I thought of Hans Holz, wounded, out there on a horse without a saddle, with his fancy gun, the one designed, perhaps, for killing a brand-new president-elect. But before that he had another job to do. He’d been assigned to cover this espionage operation and to make sure the goods were delivered—the goods he carried in his shirt pocket. He wouldn’t ride off and leave the job unfinished; he wouldn’t let the people he was expecting fly into a trap.
It was time for the old pro, me, to show that he could do something besides lie around to be rescued by a couple of kids and a dog. I started thinking my way into Holz’s mind. It wasn’t hard, since it was a mind very much like mine, but I was interrupted by an indignant female voice from the nearby tent.
“Matt, for God’s sake! Are you going to leave me tied up in here all night with a corpse for company?”
Davis started that way. I said, “Hold it. Untie her feet, take her to the cook tent, and tie her again, securely. Make sure the stove is nice and warm and she’s got plenty of blankets.”
“But—”
I was annoyed with him and with Libby. I was trying to read Holz’s mind at long range, and they weren’t being a bit of help.
“Do it,” I said.
“But I thought—”
“How much security clearance has she got with your people?”
“Well, none, but—”
“And none with me,” I said. “So leave her tied. Okay?”
So much for our mystery woman. She could remain a mystery, a hog-tied mystery, until I had time to bother with her.
32
It was warm and pleasant in the big cook tent with the fire crackling in the stove and a kerosine lantern throwing a yellow light over the table on which lay, now, just one exhibit: a
business-like 7mm Magnum rifle equipped with a six-power telescopic sight. One collar was back on the pup; the other had been tossed aside. Grant Nystrom’s revolver was back under my belt, which had been returned to duty, and the Buck knife was back in my pocket; but neither of these was apt to do me much good in this mountainous country, dealing with an expert and well-equipped long-range rifleman. Holz was no fuzzy-faced boy with a woodchuck gun. If I could stalk within two hundred yards of him without getting shot, I’d be doing well. But first I had to find him.
Libby said angrily, “Matthew Helm, if you don’t cut me loose this minute, I… I’ll…” She was so mad she couldn’t finish the sentence.
I looked at her where she’d been bedded down comfortably near the stove. Her hair was mussed and her face was pink and lovely among the rough blankets.
I said, “You’re warm and dry. You couldn’t go anywhere even if you weren’t tied up. Now shut up and let me figure something out, will you?”
“But I don’t understand! It’s so damn unreasonable, darling. You can’t think I—”

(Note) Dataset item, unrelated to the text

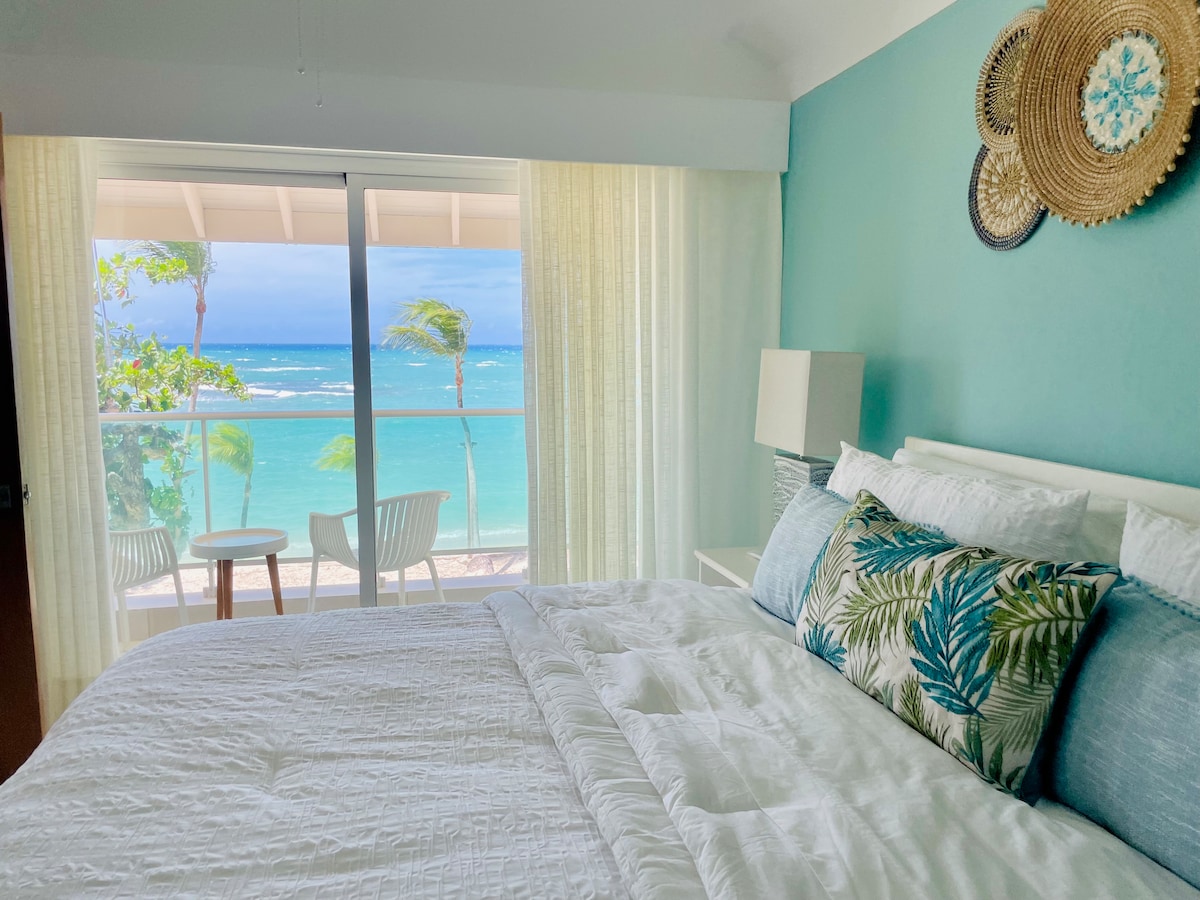 Escape to this NEW Luxurious and Modern Beachfront Condo on Playa Dorada Puerto Plata, Dominican Republic. All needed to enjoy a pleasant, peaceful and safe stay; with direct access to the beach, the double terrace that leads you to the swimming pool, a gazebo and gym; accessible upscale golf campus, restaurants inside the complex, close to shopping center, the international airport, and many attractions like water park, cable cars, historic center, nightclubs and more.

“Look,” I said warily, “at the moment, strange as it may seem and unflattering though it may be, I don’t have time to think about you at all. That’s why you’re tied up, so I don’t have to think about you. When I’ve taken care of Mr. Wood, I’ll deal with you. Maybe I’ll apologize. Maybe I’ll even bend over and let you kick me hard. Okay? In the meantime, just be quiet.”
“Well, I don’t know what you expect to accomplish by just sitting there staring at that silly rifle—”

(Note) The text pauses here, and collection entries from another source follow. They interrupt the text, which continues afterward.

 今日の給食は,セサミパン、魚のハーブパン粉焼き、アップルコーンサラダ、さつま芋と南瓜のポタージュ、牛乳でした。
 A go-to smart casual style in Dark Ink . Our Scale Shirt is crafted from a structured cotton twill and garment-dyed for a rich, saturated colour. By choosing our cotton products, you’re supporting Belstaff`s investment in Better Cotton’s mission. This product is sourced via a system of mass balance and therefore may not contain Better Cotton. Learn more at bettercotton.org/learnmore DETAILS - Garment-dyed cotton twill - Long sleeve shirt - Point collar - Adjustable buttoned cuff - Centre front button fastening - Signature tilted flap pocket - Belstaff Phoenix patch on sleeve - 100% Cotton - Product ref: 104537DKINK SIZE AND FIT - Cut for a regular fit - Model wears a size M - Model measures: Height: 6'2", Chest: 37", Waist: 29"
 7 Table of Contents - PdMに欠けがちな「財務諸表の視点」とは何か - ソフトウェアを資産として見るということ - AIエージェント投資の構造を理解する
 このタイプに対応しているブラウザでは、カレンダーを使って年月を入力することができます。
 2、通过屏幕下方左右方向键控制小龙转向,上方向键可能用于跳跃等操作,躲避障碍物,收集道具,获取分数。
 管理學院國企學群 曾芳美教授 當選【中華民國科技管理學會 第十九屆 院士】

I drew a long breath and took a handkerchief from my pocket. It wasn’t very clean. I twisted it to form a loose rope, deliberately.
“If you insist,” I said, “if you absolutely insist on being gagged as well as tied—”
“Matt, you wouldn’t dare!”
I started to rise, but settled again as Pat Bellman entered the tent. She had a yellow cartridge box in her hand, and for a moment I was hopeful, then I saw that it was too small to hold the long Magnum cartridges.